## Your assignment
Print the lines exactly. Start at the first line of the material below, end with the line that contains "ほうれん草を炒め、しんなりしたら、さつま揚げを戻し入れます。", and skip all pictures.

## Input
_ _ _ _ _ _ _

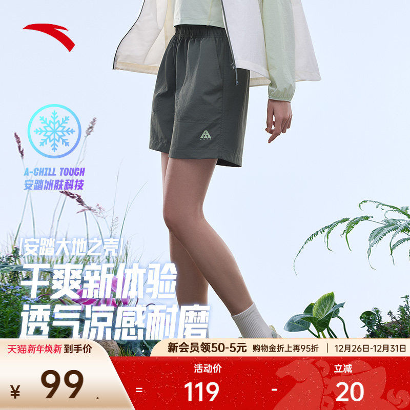 安踏户外冰丝短裤丨大地之壳短袖休闲裤女款夏季新款徒步运动裤子
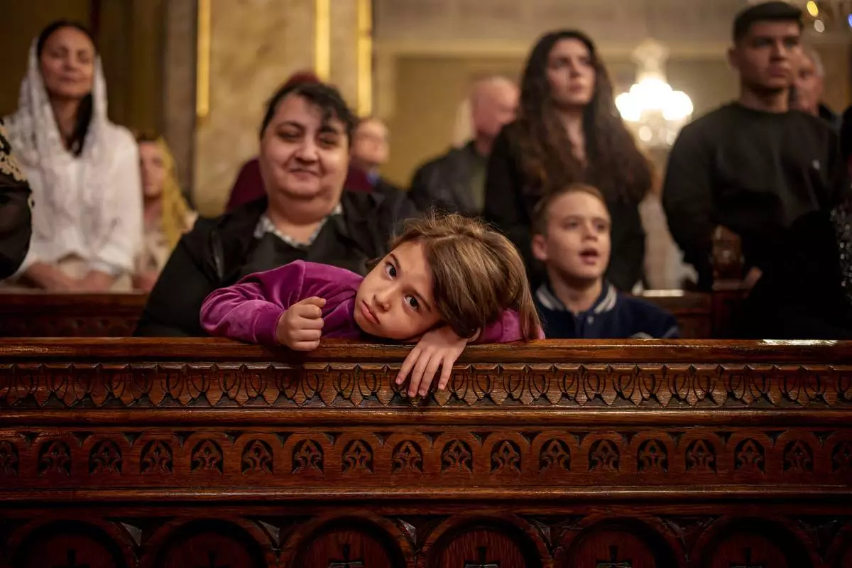 A child rests her head on a pew frontal during the Orthodox Easter service at the Armenian cathedral in Bucharest, Romania, Saturday, April 19, 2025. (AP Photo/Andreea Alexandru)
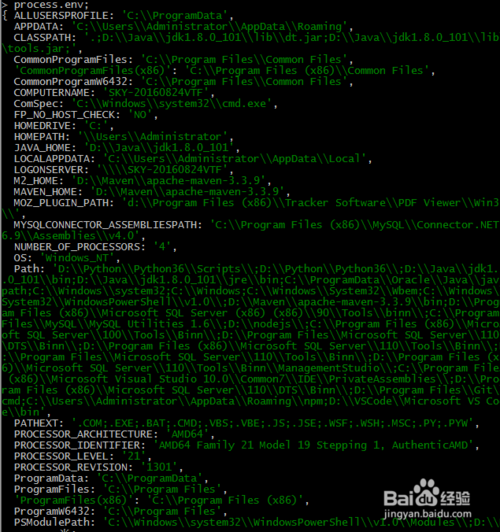 第四步,如果要查看操作系统中安装软件和配置软件参数,可以使用process.env,如下图所示:
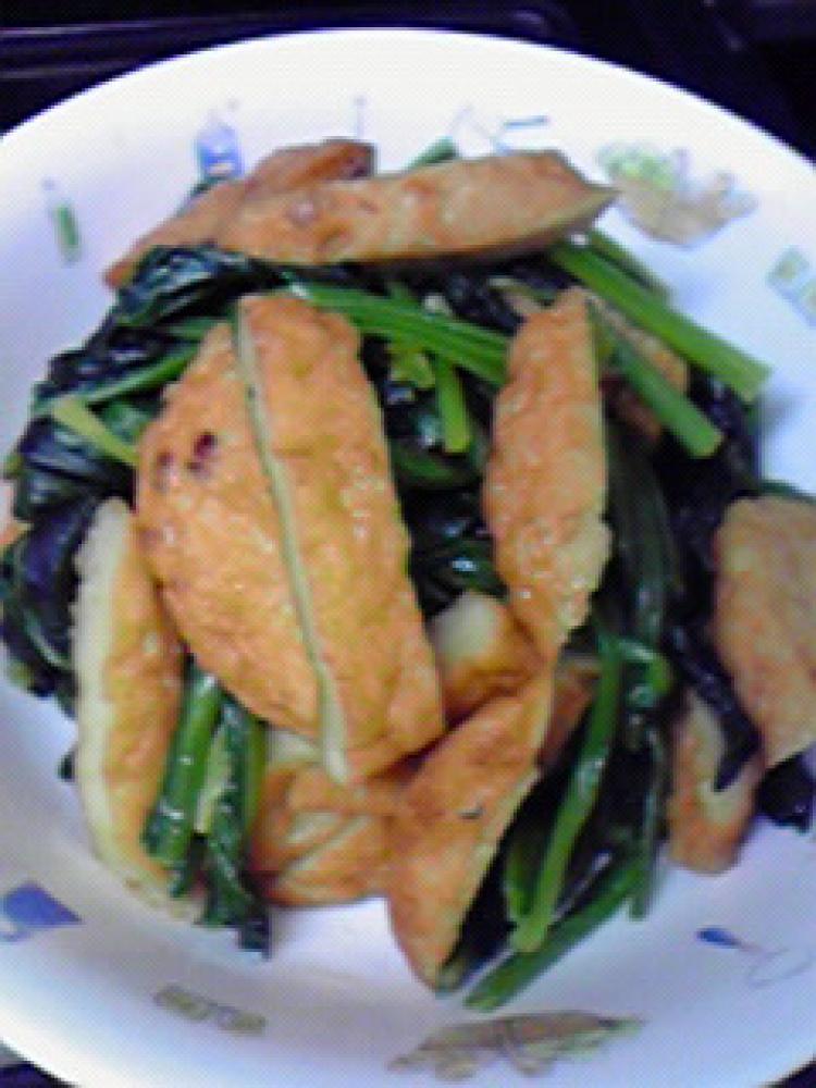ほうれん草を炒め、しんなりしたら、さつま揚げを戻し入れます。
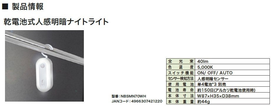 インテリア家電製品および、PCサプライ品の製造販売を手掛ける株式会社ヤザワコーポレーションは、乾電池式人感明暗ナイトライトを4月下旬頃に発売いたします。
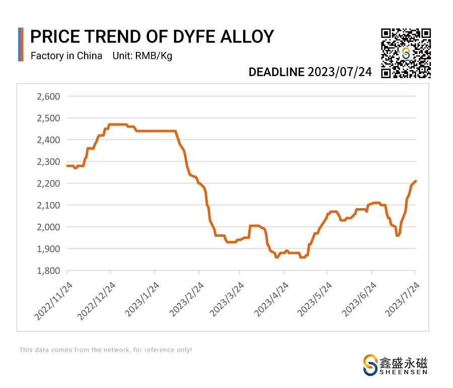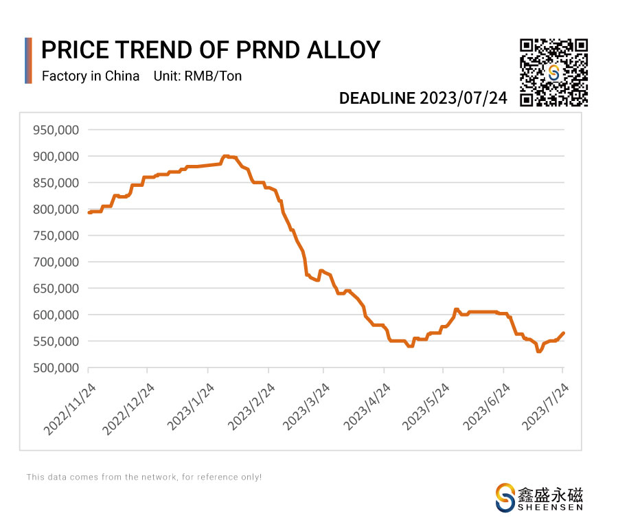 On July 24, 2023, Sheensen Magnetics will share the price trend information of rare earth raw materials for your reference when purchase rare earth permanent magnet materials and magnet assembly.
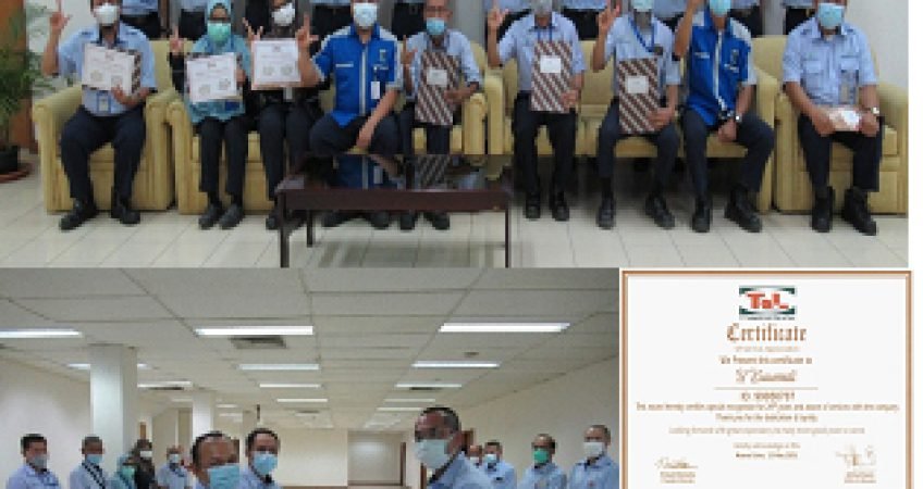 Seremoni penyerahan simbolis penghargaan yang dihadiri oleh jajaran direksi/Management PT.TEL serta perwakilan Pengurus Serikat Pekerja SPPT.TEL dan beberapa perwakilan Pekerja lintas jabatan dari Operator level sampai Manager level yang mendapatkan penghargaan tersebut.
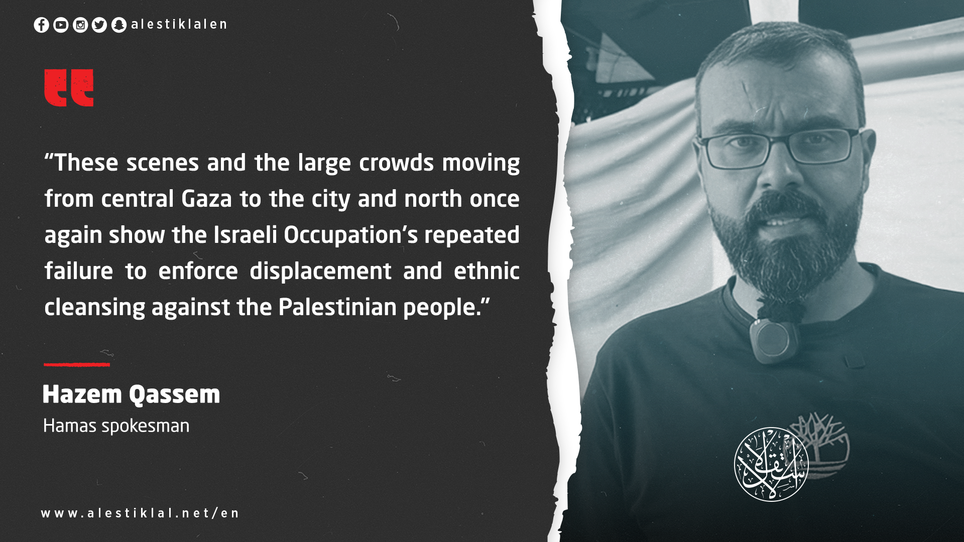 Commenting on the mass return of residents to northern Gaza following the truce, Qassem said the human tide of returnees proves “Israel’s” failure to enforce displacement or ethnic cleansing.
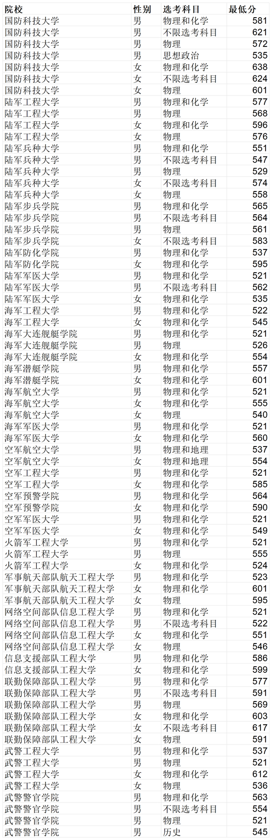 山東省2025年軍隊(duì)院校招收普通高中畢業(yè)生軍檢須知、軍檢資格名單及資格線公示
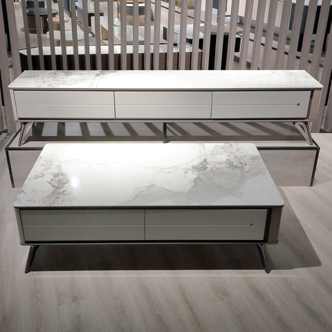 Großhandel moderne Wohnzimmer möbel Stahl bein TV-Schrank und gesinterte Steinplatte Couch tisch Set
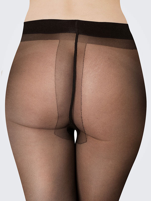 - 20 den sheer, very shiny (satin-like) black tights;
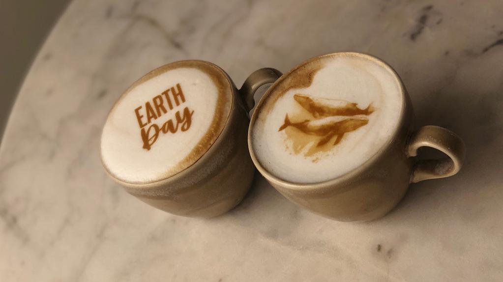 Earth Day design on coffee
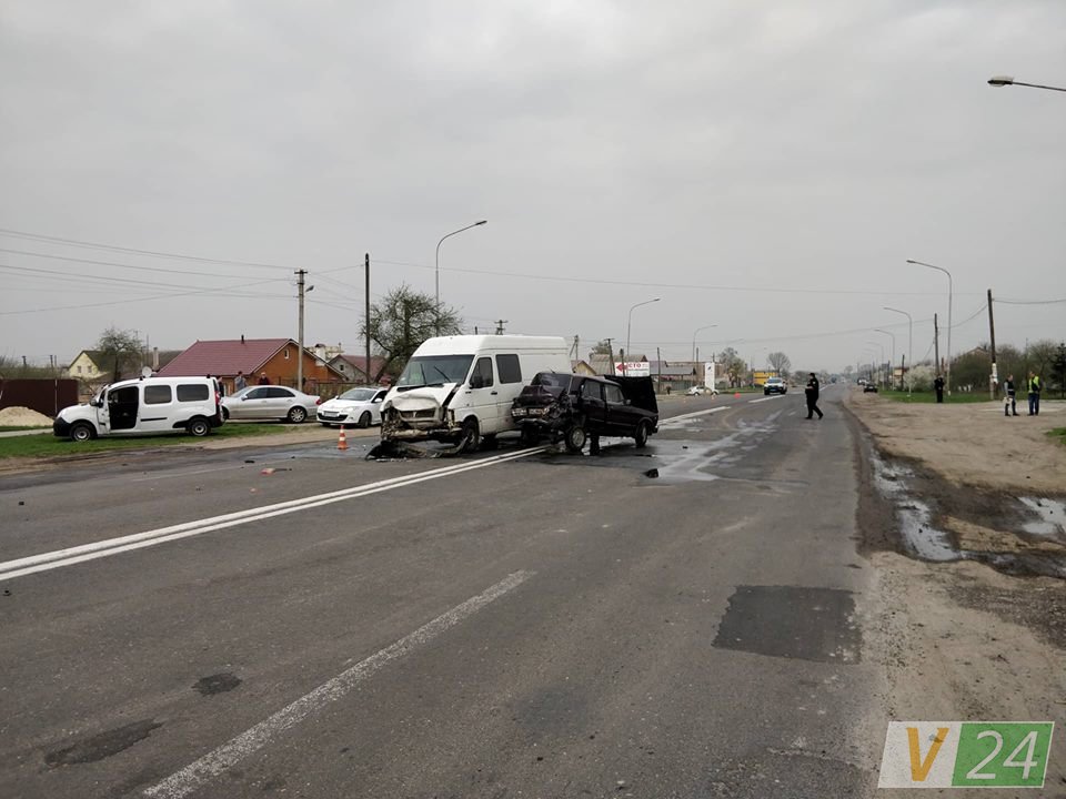 У селі Підгайці Луцького району зіткнулись бус та легковик. Від удару машини сильно понівечені.
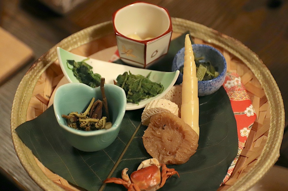 前菜は山菜のオンパレード。どれも地の味が生きた天然素材ばかりです。驚いたのは、その中にサワガニが出てきたこと。殻までそのままパクッとおやつ感覚でいただきました。
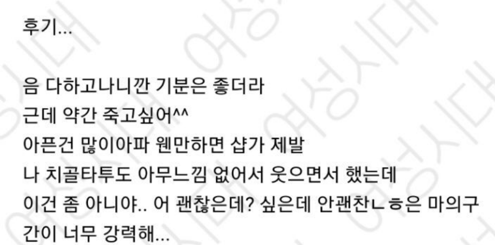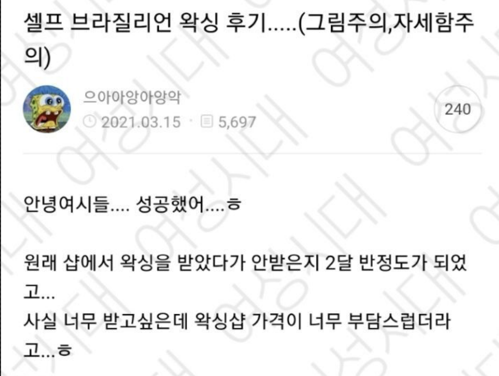 나머지 누워서 마저 왁싱 받는 동안에도 너무 죄송한 마음 분한마음 챙피한마음 같은 여러 부정적인 느낌으로 인해 나도모르게 눈물을 흘려야 했습니다….

_ _ _ _ _ _ _

## Answer to this task
 安踏户外冰丝短裤丨大地之壳短袖休闲裤女款夏季新款徒步运动裤子
 A child rests her head on a pew frontal during the Orthodox Easter service at the Armenian cathedral in Bucharest, Romania, Saturday, April 19, 2025. (AP Photo/Andreea Alexandru)
 第四步,如果要查看操作系统中安装软件和配置软件参数,可以使用process.env,如下图所示:
ほうれん草を炒め、しんなりしたら、さつま揚げを戻し入れます。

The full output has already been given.